Вообще, озирая всю мою истекшую до сей поры жизнь и задаваясь вопросом о тех людях, которым, помимо родителей, я обязана жизнью –– духовной, душевной, интеллектуальной, эмоциональной, –– я не колеблясь называю только четыре имени (даже при всей немалой значимости остальных), как-то: Марья Ивановна Ситкина, моя няня; Зинаида Николаевна Кулакова, моя учительница, знаменитая учительница знаменитой 201-й школы; иеросхимонах Симеон (сиречь Онегин Гаджикасимов –– надеюсь посвятить ему отдельный очерк) и...и, нет, умолчу, пожалуй, а только скажу: «Дай Бог здоровья» (поскольку всех остальных, вышеперечисленных троих, Бог может только упокоить в селениях вечных, куда они –– каждый в своё время –– уже переселились).
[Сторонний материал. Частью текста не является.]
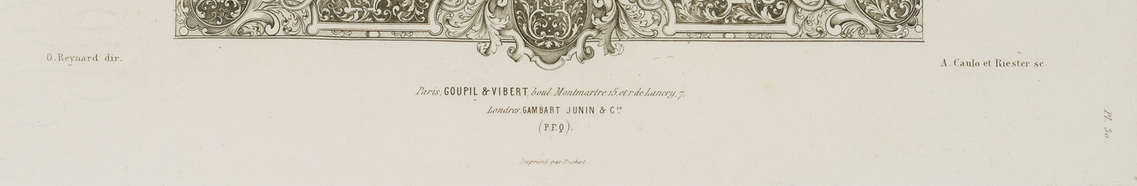 - Inscription: Signed “O. Reynard dir.” below the depictions on the left and “Riester sc.” on the right. Below with details of the publisher: “Paris Goupil & Vibert”. With a watermark of fine curved lines.

Итак, Марья Ивановна. Марья Ивановна была непорочной старой девицей самого простецкого, крестьянского происхождения. После войны она, как и многие потерявшие отцов-фронтовиков крестьянские дочери, переселилась в город, в Москву, где она, по причине своей неграмотности и смиренности, всю жизнь, до самой пенсии, проработала уборщицей. Уборщицей Марья Ивановна работала ежедневно. Ежедневно же она ходила и в церковь –– во Всехсвятскую церковь у метро «Сокол», где, насколько я помню, даже и в те далёкие времена служили почти каждый день. Вера Марьи Ивановны была такой, как и она сама, –– простой, бессловесной и цельной. Но об этом я узнала уже гораздо позже, потому что в моём младенчестве этого не знал никто. Да, моя мама не могла нахвалиться Марьей Ивановной –– её аккуратностью, обязательностью, кристальной честностью и нестяжательностью. Правда, Марья Ивановна была, как уже упоминалось, неграмотна, тугодумна и, на профанный взгляд, туповата (отчего мои редкие школьные неуспехи у нас в семье были встречаемы потом сакраментальной фразой «Ты глупа, как Ситкина»), но всё это сполна искупалось вышеперечисленными прекрасными качествами. Моим первоначальным образованием Марья Ивановна занималась до тех пор, пока мне не стукнуло три года, и тогда меня обули в блестящие коричневые ботиночки, надели на меня матросский костюмчик и, выдав мне красный флажок со словами «Слава Октябрю» (отличный лозунг, кстати сказать; придерживаюсь его и до сих пор), отправили «в люди», то есть в детский сад, о котором я опять же не могу сказать ничего плохого, кроме хорошего. Впрочем, это уже отдельная тема.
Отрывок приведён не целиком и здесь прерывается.